It has been quite some time since I last published here in the blog. But I’m going back to publishing more in the following days after someone, a really special person, close to my heart said: “you are at your best when you write.”

She’s right. Actually, I have not been myself in the past weeks since I stopped writing and publishing regularly. It’s like an inherent part of me - self-expression - was neglected and is asking so bad to be rejuvenated. True, writing and blogging has made me more intentional since I began and it has brought so many beautiful memories since I began.

Writing has always been the love of my life. My love affair with writing actually started with my love affair with books.
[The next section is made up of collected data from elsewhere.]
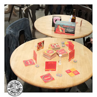Au vu de l’action se déroulant dans un bar, je les avais contactés pour qu’ils participent à notre premier soirée « Des Jeux, Des Bières, et plus qu’une fois », ce qu’ils avaient accepté avec grand plaisir. J’espérais avoir l’occasion de vous le présenter avant celle-ci mais suite à un petit contretemps, je le découvrais physiquement en même temps que nos visiteurs. Et au vu des éclats de rire et de la bonne humeur se dégageant de leur table et des quelques tours de jeu auxquels j’ai pu assister, j’avais sacrément envie de me lancer à mon tour.
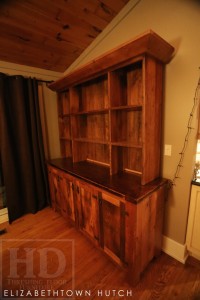 Hutch Details: Custom Reclaimed Wood Hutch Elizabethtown Ontario- Premium epoxy/polyurethane finish – Reclaimed Hemlock Threshing Floor and Grainery Board Construction
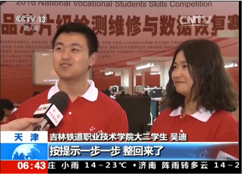 赛后两位选手一同接受了中央电视台新闻频道记者的采访,尽管有成绩不如预期理想的小小遗憾,但谈到大赛两位选手还是很兴奋,“同学的U盘文件丢了,我帮她找了回来。”接触电子产品芯片级检测维修与数据恢复不久的张艳雪说道。“挺简单的,需要10分钟吧!”问及恢复故障数据需要多长时间的时候,吴敌自信满满的说。
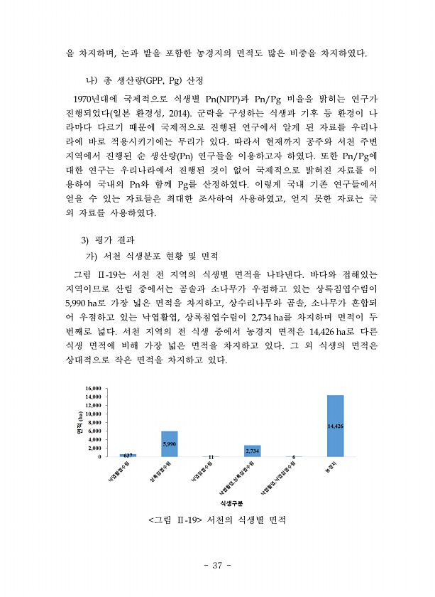 37 을 차지하며 논과 밭을 포함한 농경지의 면적도 많은 비중을 차지하였다 나 총 생산량 GPP, Pg 산정 년대에 국제적으로 식생별 과 비율을 밝히는 연구가 진행되었다 일본 환경성 군락을 구성하는 식생과 기후 등 환경이 나 라마다 다르기 때문에 국제적으로 진행된 연구에서 알게 된 자료를 우리나 라에 바로 적용시키기에는 무리가 있다 따라서 현재까지 공주와 서천 주변 지역에서 진행된 순 생산량 연구들을 이용하고자 하였다 또한 에 대한 연구는 우리나라에서 진행된 것이 없어 국제적으로 밝혀진 자료를 이 용하여 국내의 와 함께 를 산정하였다 이렇게 국내 기존 연구들에서 얻을 수 있는 자료들은 최대한 조사하여 사용하였고 얻지 못한 자료는 국 외 자료를 사용하였다 평가 결과 가 서천 식생분포 현황 및 면적 그림 는 서...
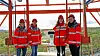 Fire studentar med sommarjobb i Vegvesenet sommaren 2015. Fra venstre: Ida Romslo, Iris Kristin Koa, Mari Voll Dombu og Sara Waagen, her på befaring på ny bru over Dolmsundet i Sør-Trøndelag.

Later on, I noticed that the two actually intertwined, as I grew more in love with reading books, I developed an unquenchable desire to create them myself. I’ve never published a physical book just yet but my writing grew better and better, and right now, more genuine and more intimate.

That was what become of my writing recently. Since I joined Dave Ursillo’s Literati Writers and took his free program “8 Tenets of Healthier Writing,” I felt my relationship with the written word changed - it became truer, more genuine, real, and intimate, like a best friend I never had. I decided to have a hiatus with publishing and instead wrote more for myself sharing some with a small group of passionate, kind, and uncritical people inside Dave’s community. I’m now journaling almost every day and practicing Dave’s writing philosophy of “pouring” or just letting the words come out without preconceive expectations. I like the philosophy. It’s like what the Bhagavad Gita is preaching:

You have the right to work, but never to the fruit of work. You should never engage in action for the sake of reward, nor should you long for inaction. Perform work in this world, Arjuna, as a man established within himself – without selfish attachments, and alike in success and defeat. For yoga is perfect evenness of mind. (2:47–48)

Just write. Let it out. Let the words do their magic. Let the Divine within you pour the vessel out.